Overbrowsing makes a difference in the appearance of forests. In the next photo you see a woodland that has been heavily impacted by winter deer feeding. The lack of understory trees makes it easier to walk through this kind of forest, and its cleaner appearance may be more appealing. But this forest is in trouble.

In the next photo you see a much healthier woodland.
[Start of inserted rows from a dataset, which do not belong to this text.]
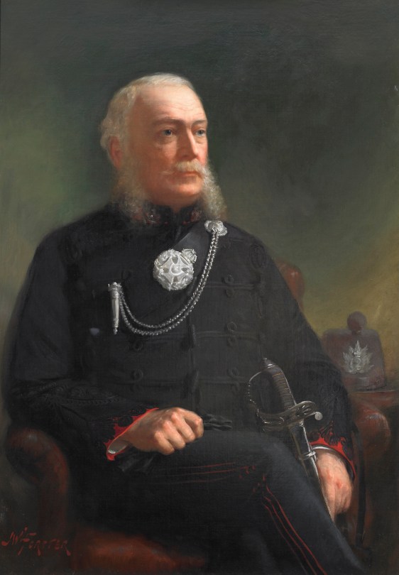 Lieutenant Colonel W.S. Durie – First Commanding Officer, 1860-1866. The original 43″ x 30″ oil on lined canvas painting by celebrated Canadian portrait artist John Wycliffe Lowes Forster, hangs in the Queen’s Own Rifles Officers’ Mess. Photo is by Christopher Lawson, June 17, 2010.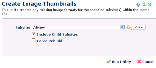 By default, this utility does not run immediately. Check Force rebuild to ensure that all image content is refreshed. Click Run Utility to build image files or Cancel to exit without running the utility.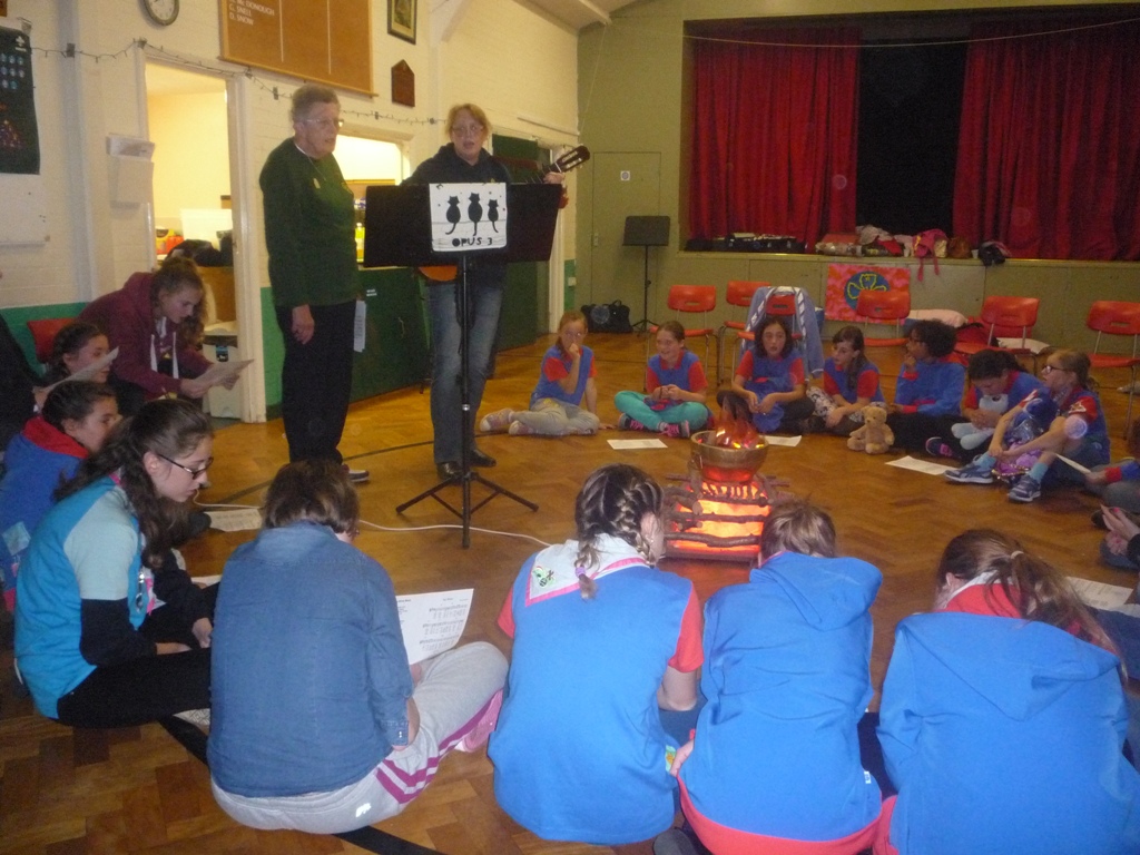Dozens of Guides and their leaders attended and the money raised at this event, by sponsorship of singing 100 songs, was divided between Macmillan IW and the Guides own units. Songs were led by a group of Girlguiding IW leaders.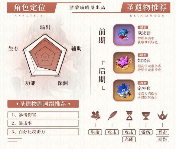 提高雷元素伤害和雷元素反应伤害,触发雷元素反应还会减少元素战技的冷却时间,不管是雷伤还是精通流都可以佩戴四如雷。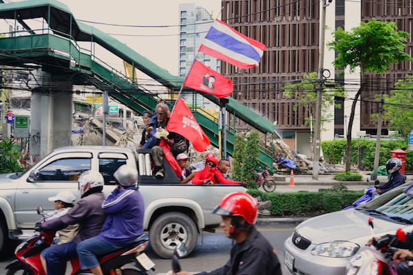 Coconuts today photographed some 600 protestors, who were travelling on pickup trucks and motorbikes, equipped with loudspeakers and banners. Today’s march is part of the three-week-long red-shirt protest, which started on April 22.

The spaces between the large trees are filled with young and medium-sized saplings, and these are the ones that are ready to fill gaps when larger trees die or fall.

Without a multi-aged understory, forests have limited ability to regenerate. When large trees die, there are no young trees ready to fill in the gaps. It’s true that there are seeds in the soil that will germinate quickly once openings are formed, but the delay in regrowth may allow invasive species to get a foothold. Signs of deer browsing tell us much more than the mere presence of hungry animals. There are larger lessons to be learned, and nature is ready to share them if we are willing to pay attention.